The "significant facts" are not significant at all. The family head might be a truck driver earning $5000, a college professor earning $7500, a life-insurance salesman earning $8500, or an airline pilot earning $15,000. In their ways of life that meet the eye, all these men are essentially every bit as reciprocal as Robert Hutchins's "interchangeable men." They —which is to say we —
are a product of the massive blending, blurring, and bunching that has homogenized American society. The cream has been mixed all through it. The class lines that once corrugated the old static social pyramid have become hopelessly blurred. As a result, the profile of the mass market in America today resembles a fat-waisted social diamond with more people clustered around an average before-tax income of almost $7000 than at either top or bottom.
Inside this teeming social diamond where, as our Commerce Department says, "Everybody's a little richer," distinctions that make a difference are becoming harder and harder to find. At the supermarket, product differences have blended into an almost universal panorama of Mass Moderation that offends — or excites — no one. Rheingold Beer is "never bitter . . . never sweet." Pepsi-Cola is "never heavy . . . never too sweet." Smirnoff Vodka "pleases all tastes because it has no taste."
In politics, the platforms and leading personalities of the two major parties have become virtually interchangeable. A voter who impulsively, or in frustration, splits his ticket today need split none of his preconceptions. Nor will he find much more diversity in his church pew than in his voting booth. Today's religions are highly success-oriented. Even such an "Off-Beat" religion as Norman Vincent Peale's tells us in its advertisements that we will be more successful if we learn how to make God our business partner, as do magazine articles counseling that we take God into our business. The once-fierce partisan crusaders of the Billy Sunday-school have long ago beaten their swords into stock shares and preach to us now not a gospel but a nonsectarian American civil code of social and educational reform, practical psychology for "getting along," and good sportsmanship.
Anybody can play. Since 1956, the Reverend Dr. John Sutherland Bonnell, minister of New York's fashionable Fifth Avenue Presbyterian Church, has been running an advertisement in the New York Times that says: "For a Spiritual Lift in a Busy Day ... DIAL-A-PRAYER . . . One minute of inspiration in prayer." All God's children now have twenty-four-hour-a-day access to Him, given in measured tones as well as measured dose, over a direct line whose digits, CI 6-4200, add up to the sum total of the twelve apostles. With a potential congregation of all 1752 pages of listed subscribers in the 1959-1960 New York City telephone directory alone, no wonder the Protestants, at least, find little left to protest about.
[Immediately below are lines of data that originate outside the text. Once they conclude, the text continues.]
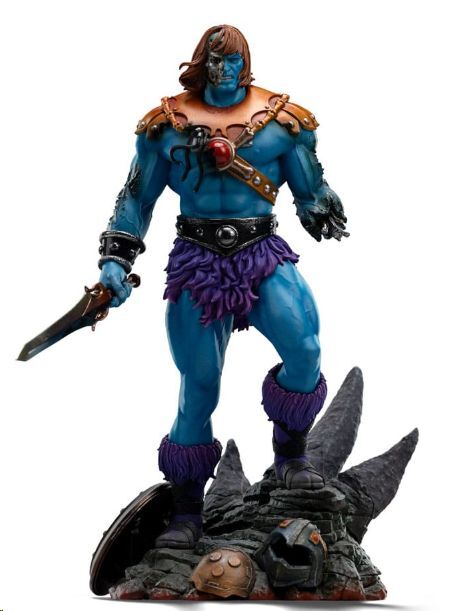 El duplicado malvado de He-Man cobra forma! Esta estatua de Faker a escala 1/10 mide aprox. 22 cm y está fabricada en poliresina con licencia oficial de Masters of the Universe. Su piel azulada, su armadura robótica y su espada oscura lo hacen inconfundible en cualquier colección.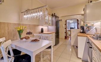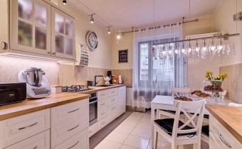 - Kuchnia o pow. 13,2m2 z wyjściem na balkon: centralnym punktem mieszkania jest przestronna, nowoczesna kuchnia w stylu prowansalskim, która jest w pełni wyposażona. Z balkonu widok na ogród różany. Zabudowa i sprzęt AGD w cenie (płyta gazowa oraz piekarnik firmy Electrolux z funkcją pieczenia na parze, zmywarka Siemens),
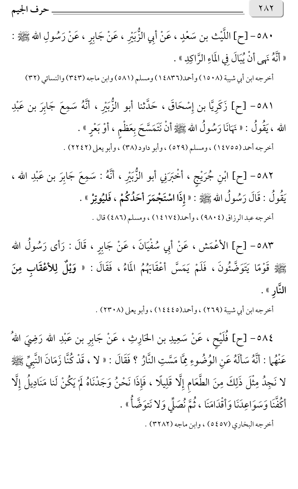 ٥٨١ - [ح] زَكَرِيَّا بن إِسْحَاقَ، حَدَّثنا أبو الزُّبَيْرِ، أنَّهُ سَمِعَ جَابِرَ بن عَبْدِ الله، يَقُولُ: «نَهَانَا رَسُولُ الله صلى الله عليه وسلم أنْ نَتَمَسَّحَ بِعَظْمٍ، أوْ بَعْرٍ».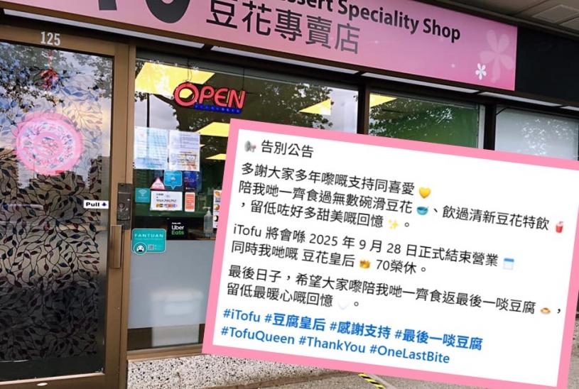 【星岛综合报道】在列治文经营了13年、曾获“最佳豆腐花”和“最佳甜品店”两奖的iTofu豆花店快将结业,店主一家希望老主顾再来帮衬一次,借此在关门前与大家话别。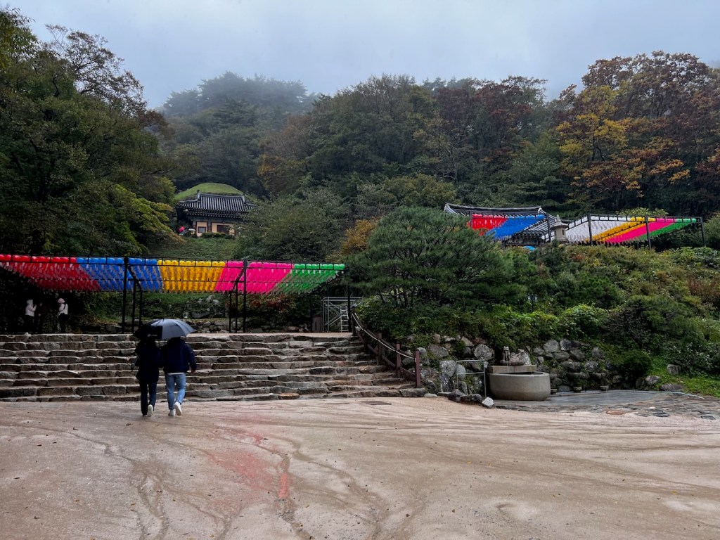 Düz bir yol yürüyüşü sonrasında renkli fenerlerin bulunduğu bir alana ve tapınağa ulaştık. Buradan merdivenlerle yukarıdaki Seokguram Mağara Tapınağına çıkılıyor.
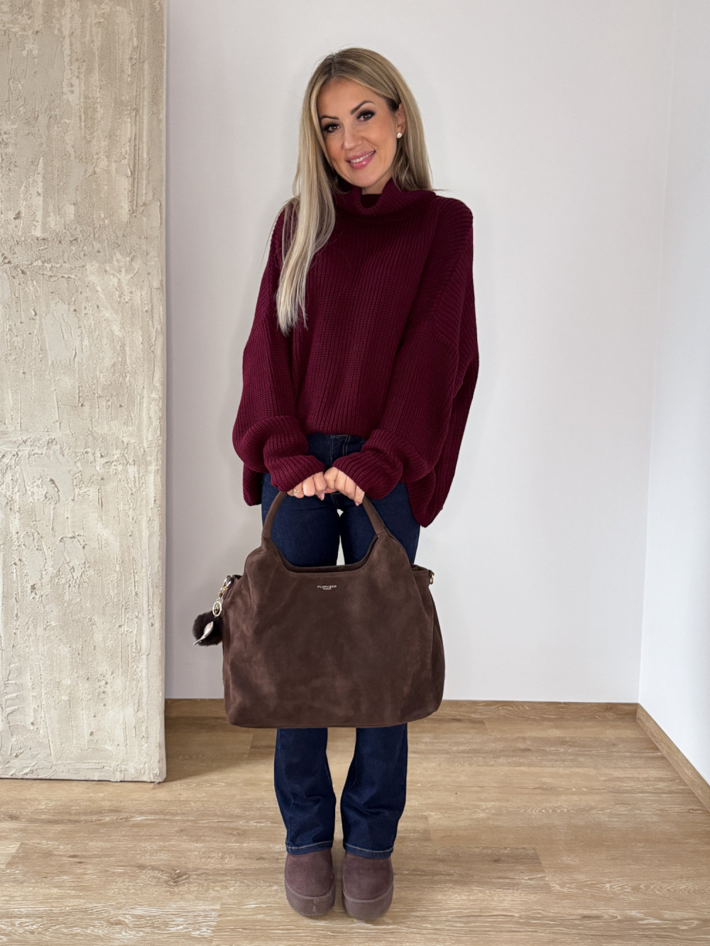 Stylowa i praktyczna torebka wykonana z wysokiej jakości zamszowej skóry ekologicznej. Posiada dwa uchwyty – krótki do noszenia w dłoni oraz dłuższy, który zapewnia wygodę w każdej sytuacji. Całość zamykana na suwak, co gwarantuje bezpieczeństwo i komfort użytkowania. To model, który sprawdzi się zarówno na co dzień, jak i w bardziej eleganckich stylizacjach.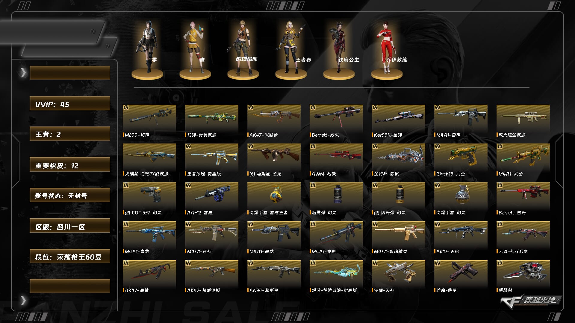 【C2534903444】[14594802]XH9380/【钱包已递交强制】/西部/四川一区/可排位/【荣耀枪王60豆】【Lv.100 高阶大元帅】VIP6/44V/幻神/幻神青鹤/星神/【裁决三件套】/裁决/裁决音效卡/裁决胜者为王/裁决流光秘银/青龙/王者芳薇/COP幻灵/*2/6烈龙/斯太尔枪娘暗刃/【音效卡】/极光音效卡/毁灭音效卡/黑龙音效卡/加特林炼狱音效卡/【1个四防角色】/王者春/【其他角色】/鹰/零/战地猎狐/乔伊教练/【玩偶武器】/白虎迷你小艾/雷神小红/金色蔷薇空/迷你宝贝///各种道具、饰品/细节看图/【此账号未被封过十年】

Protest has gone out with the bull market. In a society where almost everyone can be a college graduate and where being a college graduate has become so commonplace that, along with being "over 25, bondable," it is now a prerequisite for employment as a taxi driver for the Yellow Cab Company of Montgomery, Alabama; where everyone can attend the same smart church by telephone; where more and more of us are losing even our regional speech distinctions to the same neutral homogeneous tone of what John Lardner called network television's "coaxial accent"; most of us are far too similar and far too pacified to find anyone peculiar enough to make a ruckus about. Too much blood is in our contented stomachs for there to be any in our eyes.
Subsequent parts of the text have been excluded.